JAKARTA, Indonesia—An airliner carrying 54 people went missing Sunday during a short flight in bad weather in Indonesia’s mountainous easternmost province of Papua, and rescuers were heading to an area where villagers reported seeing a plane crash into a mountain, officials said.
The Trigana Air Service plane was flying from Papua’s provincial capital, Jayapura, to the Papua city of Oksibil when it lost contact with Oksibil’s airport, said Transportation Ministry spokesman Julius Barata. There was no indication that the pilot had made a distress call, he said.
The ATR42-300 twin turboprop plane was carrying 49 passengers and five crew members on the scheduled 42-minute journey, Barata said. Five children, including two infants, were among the passengers.
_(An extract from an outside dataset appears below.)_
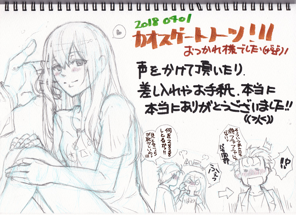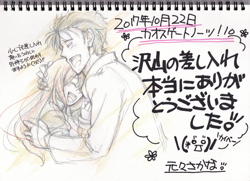 イベント情報 2018/04/03 カオゲノお疲れ様でした(*´ω`*) 日曜日のカオスゲートノーツお疲れ様でした・:*:・(*´∀`*)・:*:・前回と違い良いお天気でしたね!スペースに立ち寄って下さった方々にはありがとうございます!声を掛けて頂いたり、差し入れやお手紙も本当にありがとうございました(>人<) イラストはオカクリ新刊本から。朝起きたら紅莉栖ちゃんはこれくらいふにゃふにゃした顔をしててもいいんじゃないかと思って描いてみました(*'ω'*)今回の新刊は温泉シリーズからうちの本読んで下さってる方への糖分補給…みたいな感じですwあと私が糖分摂取するための本ですっwほら温泉とかメイクイーンの本って気持ちが繋がってるのは分かるけど、ちゅっちゅがない。そう、ちゅっちゅがないっっっ!!!!!これ大事です!なのでオカクリちゅっちゅさせてやるーーっと思ったんですが…エロは原稿密度高すぎで死にそうでした('、3_ヽ)_ っていうか自分が描くなら2人でクスクス笑いながらちゅっちゅし合ってるだけで良かったかも知れない。そんな本、いつか出したい…。とりあえず今回は糖分補給タイムでしたので、次の夏に出す本はまた温泉とかメイクイーンみたいなすれ違って挫けて腐ってみたいな本ですwとりあえずオカリン沢山苛めてこようと思います←紅莉栖×岡部本「xxx9」は…すみません、10分ちょっとで完売でしたね…すいません。男性の方も結構購入されてて、時々「これ紅莉栖×岡部なんですが大丈夫ですか?」と聞いてたんですが、お断りされることがなかった(*´∀`*)男性の方も女性の方も手にして下さって本当にありがとうございました!!読んだ後はどう思ってるか分からないけど…えへへ(汗発行物購入する際に冬のメイクイーン本の感想聞かせて下さったり、色々声かけて下さって本当にありがとうございます。「ファンです」って言ってくださった方…もうね、なんていうか…もうっっ!次も本出しますねっ!!!としか言えず申し訳ないけど。でも声かけて頂けたおかげで次の本も頑張れます。ありがとうございます。本当にありがとうございます(>人<)いつも大体イベントは最後までいるんですが、今回一時半には片付け始めて2時時ごろ撤収させて頂きました。告知もできずすみませんでした。夏に出す予定のオカクリ本の資料を集めたくて早めの撤収となりました。お蔭様でなんとか本描ける位は資料集まった…と思いたいwなので夏の本、楽しみにして頂ければ嬉しいです。60Pで収まってくれ…頼むから…っ新刊の感想もすでに送って下さった方々、本当にありがとうございます(*´Д`*)昨日全身筋肉痛で這い蹲ってたんですが、這い蹲りながら感想見て2828してる気持ち悪い人になってましたwもう感想凄く嬉しいので、送って下さってありがとうございますっ!!頂いた感想はちゃんとお返事させて頂きますので、もう少しお待ちくださいね(´ー`)ノシ次に動くのは夏になります。受かれば夏コミと、あと大阪行きます。スパコミにするかこみトレにするか…まだ決めてないんですが、関西でシュタゲ好きな方いらっしゃれば宜しくお願いします(´∇`)ノシなので、新刊は出す予定なので宜しければまたお付き合いください。それでは、ゼロアニメ直前で死にそうなさかなでした。紅莉栖ちゃんが死んでる世界が始まる絶望と、またアニメでシュタゲ見れる喜びで泣けばいいのか踊ればいいのか…っっっ!くぅっ!!!

Local media reports said all the passengers are Indonesians. The airline did not immediately release a passenger manifest.
Oksibil, which is about 280 kilometers (175 miles) south of Jayapura, was experiencing heavy rain, strong winds and fog when the plane lost contact with the airport minutes before it was scheduled to land, said Susanto, the head of Papua’s search and rescue agency.
Residents of Okbape village in Papua’s Bintang district told local police that they saw a plane flying low before crashing into a mountain, said Susanto, who like many Indonesians goes by one name. He said about 150 rescuers were heading to the remote area, which is known for its dense forest and steep cliffs, and would begin searching for the plane early Monday.
Okbape is about 24 kilometers (15 miles) west of Oksibil.
At a news conference Sunday night at the transport ministry in Jakarta, officials said they would not have any details on the villagers’ report until rescuers reach the area.
“We are now working closely with the National Search and Rescue Agency to find the plane,” said Transport Minister Ignasius Jonan.
A plane was sent Sunday to look for the missing airliner, but the search was suspended due to darkness and limited visibility and will resume Monday morning, Susanto said.
Much of Papua is covered with impenetrable jungles and mountains. Some planes that have crashed there in the past have never been found.
Dudi Sudibyo, an aviation analyst, said that Papua is a particularly dangerous place to fly because of its mountainous terrain and rapidly changing weather patterns. “I can say that a pilot who is capable of flying there will be able to fly an aircraft in any part of the world,” he said.
Indonesia has had its share of airline woes in recent years. The sprawling archipelago nation of 250 million people and some 17,000 islands is one of Asia’s most rapidly expanding airline markets, but is struggling to provide enough qualified pilots, mechanics, air traffic controllers and updated airport technology to ensure safety.
From 2007 to 2009, the European Union barred Indonesian airlines from flying to Europe because of safety concerns.
Last December, all 162 people aboard an AirAsia jet were killed when the plane plummeted into the Java Sea as it ran into stormy weather on its way from Surabaya, Indonesia’s second-largest city, to Singapore.
That disaster was one of five suffered by Asian carriers in a 12-month span, including Malaysia Airlines Flight 370, which went missing in March 2014 with 239 people aboard during a flight from Kuala Lumpur to Beijing.
Trigana Air Service, which commenced operations in 1991, had 22 aircraft as of December 2013 and flies to 21 destinations in Indonesia.